Until the 1720s, England's population growth had been held in check by periodic harvest failures and by diseases such as influenza, smallpox, dysentery and typhus. At around 5.25 million in 1720, England's population would be around nine million at the end of the century.note9 London's population in this period rose from around 700,000 to over one million, a larger population than Paris. note10
John Locke (above) and Thomas Jefferson. Locke died in 1704, but his influence lived on through the century. His views on liberty and politics influenced Alexander Hamilton, James Madison, Thomas Jefferson and others in the colonies. Jefferson was to write: "Bacon, Locke and Newton ... I consider them as the three greatest men that have ever lived, without any exception." (The Letters of Thomas Jefferson: 1743-1826 Bacon, Locke, and Newton).
France had more than three times England's population, but Britain led in world commerce, ahead also of the Dutch Republic, which was economically progressive but had a fraction of Britain's population.
With the rise in Britain's commerce, London had become a busier place and had been gathering more people from England's rural areas and from Scotland, Wales and Ireland. London also had migrants from Germany, Holland and France. London had become a great center for the arts and fashion.
A new interest in variety and consumerism had developed. The idea that it was okay to find delight in buying things was taking hold. Christian asceticism was in decline. The Puritanism of Cromwell's time was fading, and so too was adherence to Biblical admonitions regarding the accumulation or lending of money. English men and women had begun wearing lighter and brighter clothing instead of heavy wool and linen. Meanwhile, wrist watches were still inaccurate curiosities, and people kept time by the ringing of church bells.
Britain produced of woolen cloth, and it led the world in maritime trade, and trade with India made available new fabrics. In England a spirit of enterprise was growing. Writes Appleby: "Self-assertive individuals did the innovating in England whether they were improving farmers and landlords, joint-stock trading company managers, interloping merchants, cheese mongers, or professional lenders." She adds, "Efficiency, ingenuity, disciplined work, educated experimentation all became a part of a new ethic." note11
With the new hustle and bustle of English life, people were accepting a higher taxation from which came appreciated services that were a part of that hustle-bustle.

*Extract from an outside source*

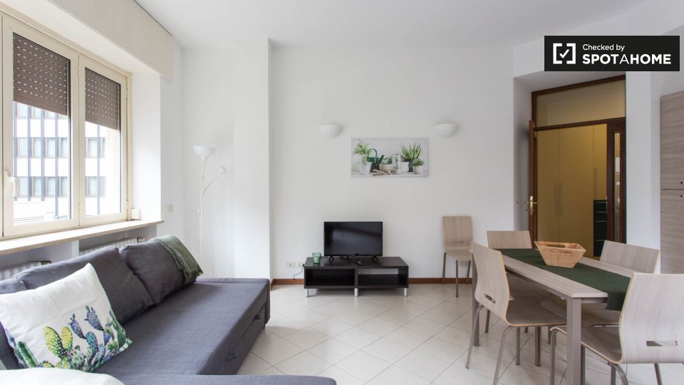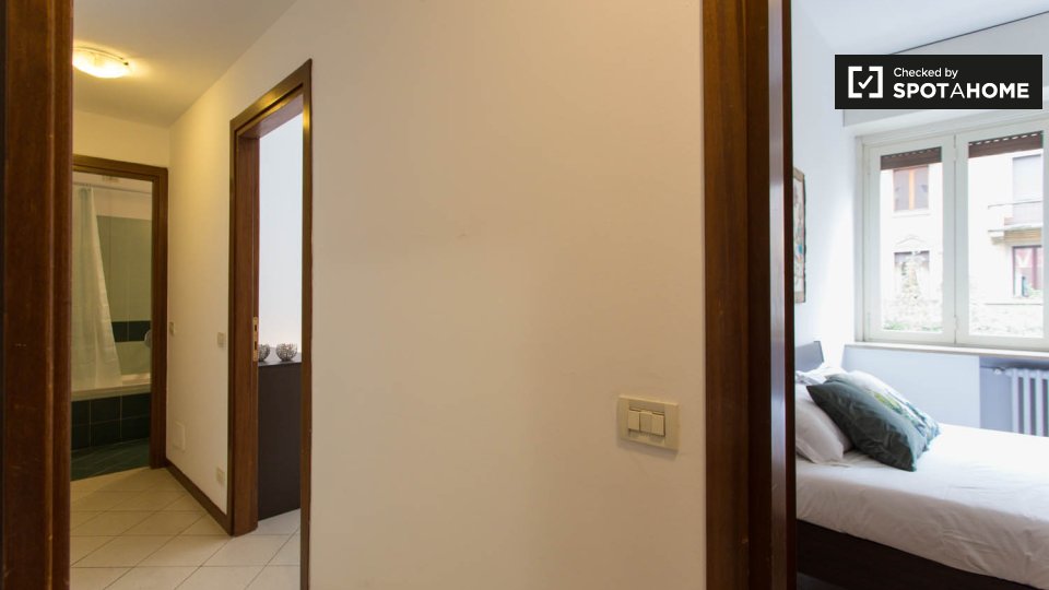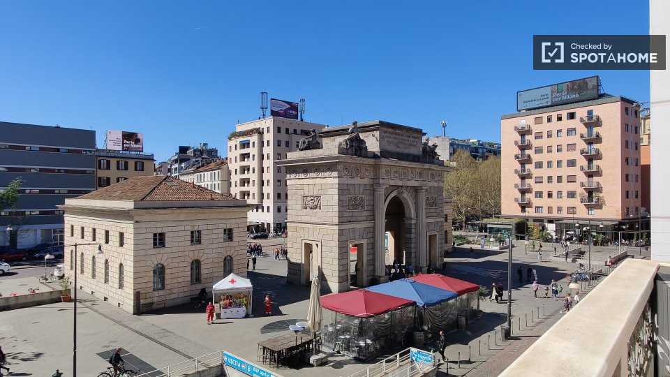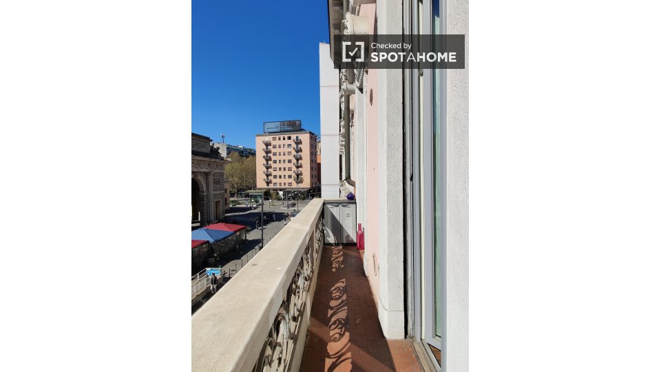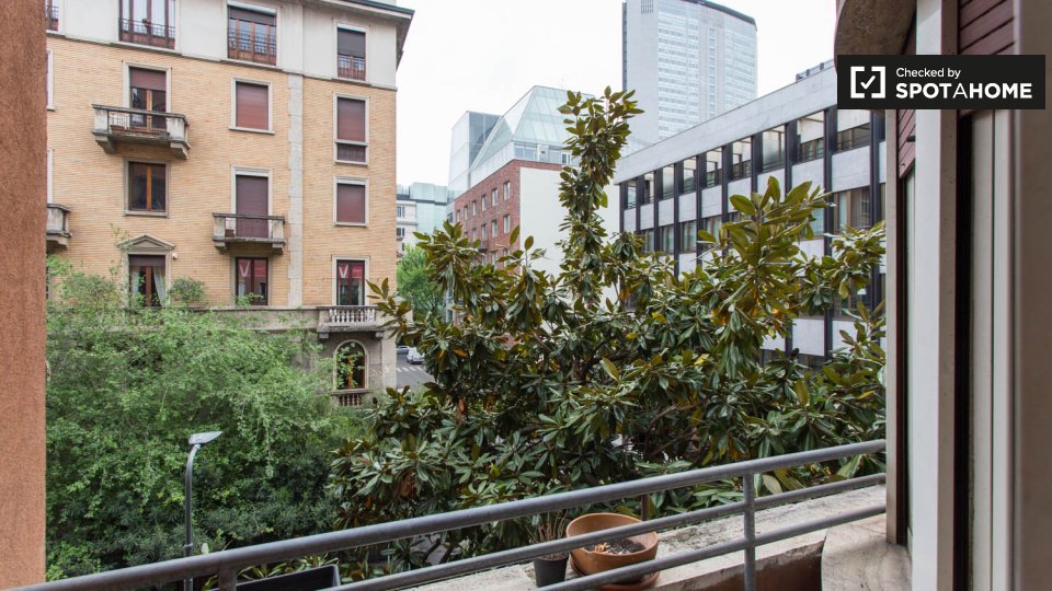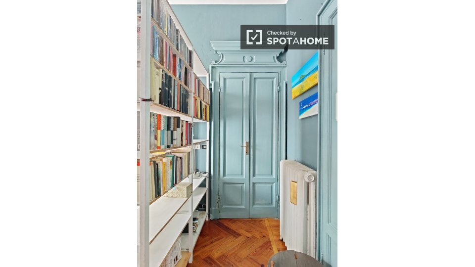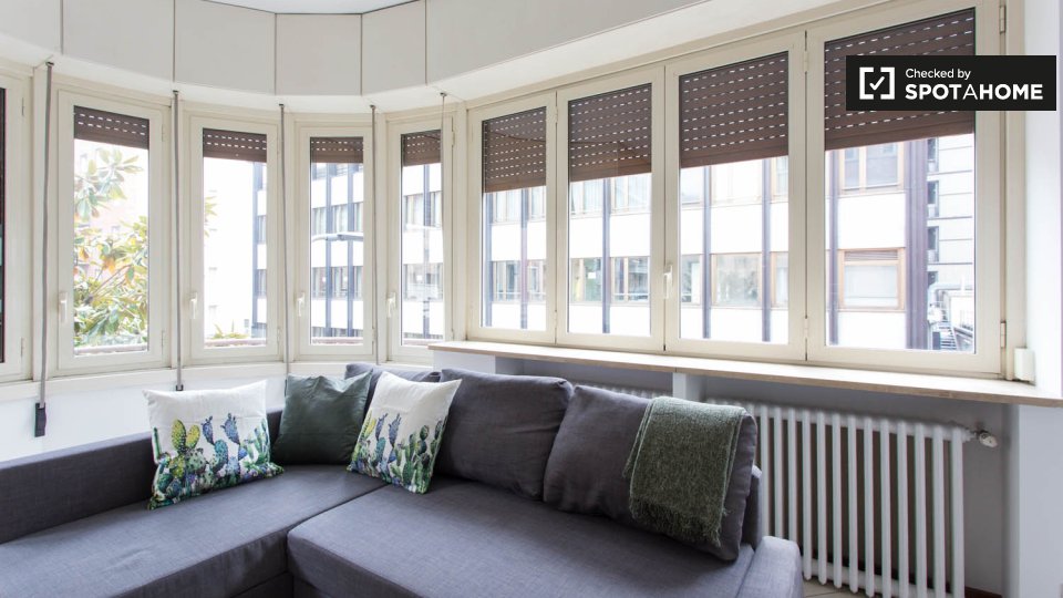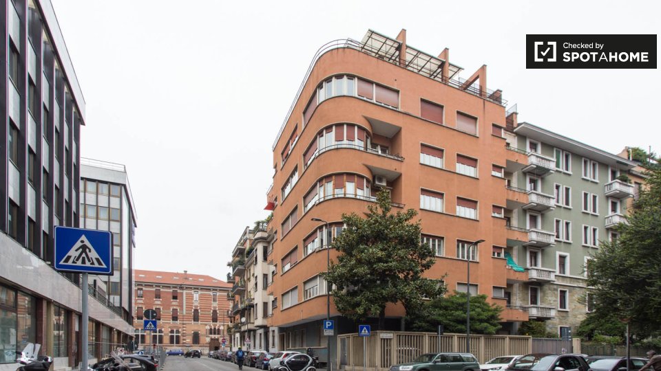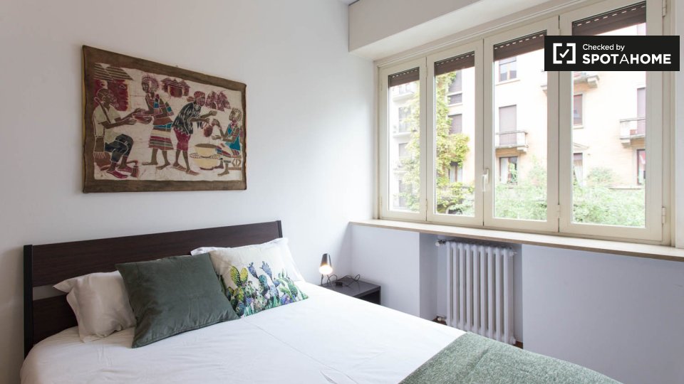 Le camere soleggiate sono disponibili per l'affitto in una grande appartamento con aria condizionata a Porta Venezia. La struttura dispone di un elegante soggiorno con deliziosi pavimenti in piastrelle, dove potrete rilassarvi su 1 dei comodi diva...
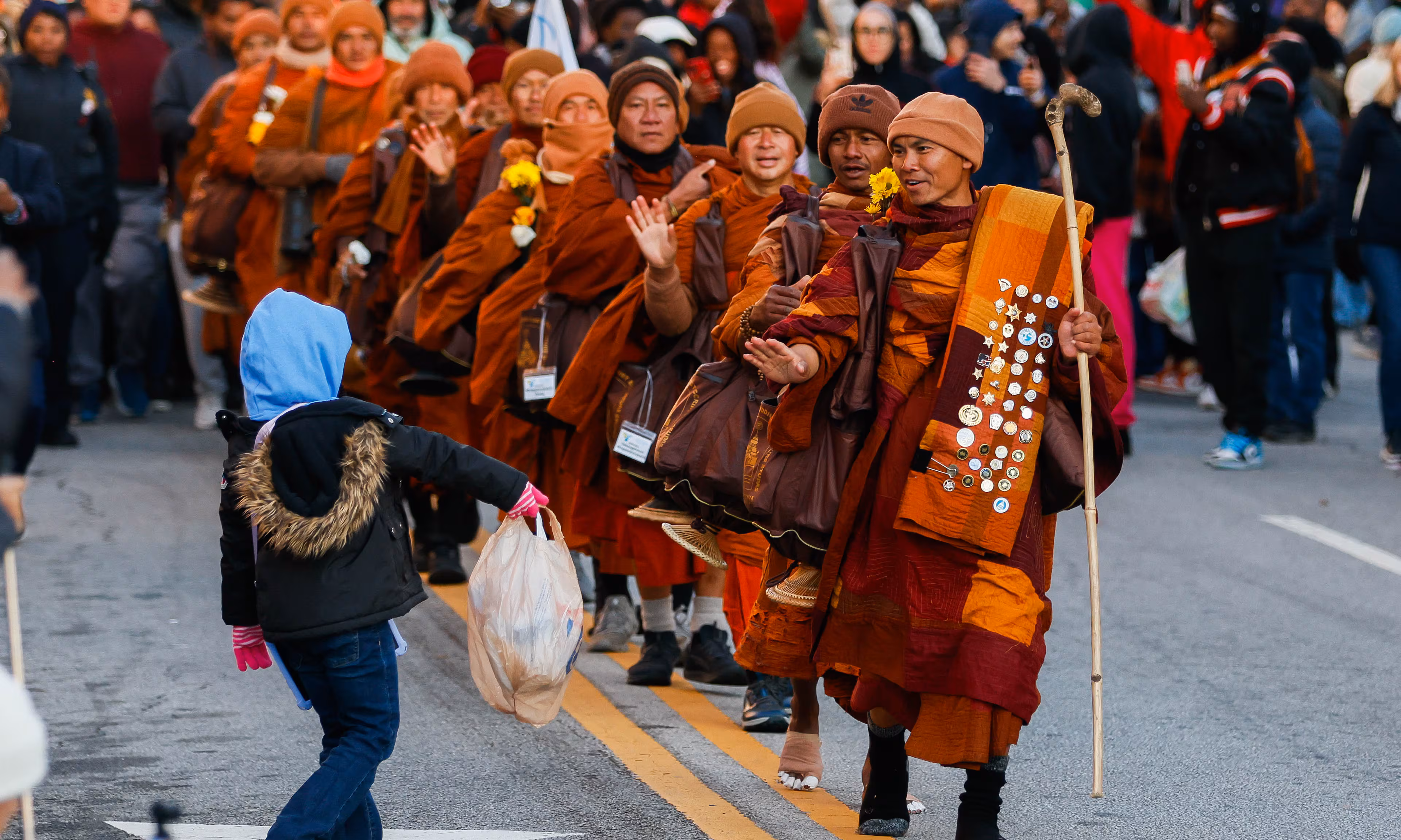 Yaşamakta olduğumuz Satürn-Neptün kavuşumunun ruhunu temsil eden uzun soluklu bir olay daha vardı. 26 Ekim’de bir grup Budist keşiş Teksas’taki manastırlarından çıkıp Washington’a kadar yaklaşık 3700 km sürecek bir Barış Yürüyüşüne çıktılar. Ben Aralık civarı haberdar oldum. Sessizce başladıkları yürüyüş haftalar geçtikçe onlara eşlik edenler, sosyal medyada takip edenlerin çığ gibi büyümesiyle dikkat çekmeye başladı. 19 adam Hindistan’da evlat edindikleri köpekleri Aloka ile yürürken bir keşişin bacağını yitirmesine sebep olan bir kaza bile yaşadılar, ABD’deki son yılların en sert kışında yürüdüler (Oğlak kümelenme), Aloka hastalandı ve iyileşti (Chiron-Jüpiter). Geçtikleri yollar boyunca sıralanan insanların çoğu, sosyal medyada aylarca rahipleri takip etmiş, karmaşık dünyanın gürültüsünü engellemek ve huzur bulmak gibi basit görünen mesajlarına kapılmışlardı (Kova kümelenme). Her ırktan, renkten, inançtan, farklı dinlerden insanlar ve hatta onların güvenliğini sağlayan polisler bile barış ve farkındalık çağrısını hissediyorlardı (Balık kümelenme). Fotoğraf ve videolarda bu sakin gruba bakınca nedenini bilmeden ağlayan kocaman insanlar gördüm. Onlarsa bir adımın önüne diğerini koyarak ilerlediler.

These were times of increased literacy. Europe's Enlightenment had reached maturity. Personal correspondence and other forms of writing were on the rise. Literate people gathered in groups interested in science or literature. A variety of learned journals were published. Book production had increased, and so too had newspaper distribution. In Scotland in 1700 around 45 percent the population could read, and by the end of the 1700s it would rise to 85 percent. England's literacy rate in this same period is described as having risen from 45 to 63 percent.
These were times when fanaticism was more feared and intellect more respected. Restraint in the expression of passion had become more of a mark of a gentleman, and good manners had become more valued as a barrier against conflict.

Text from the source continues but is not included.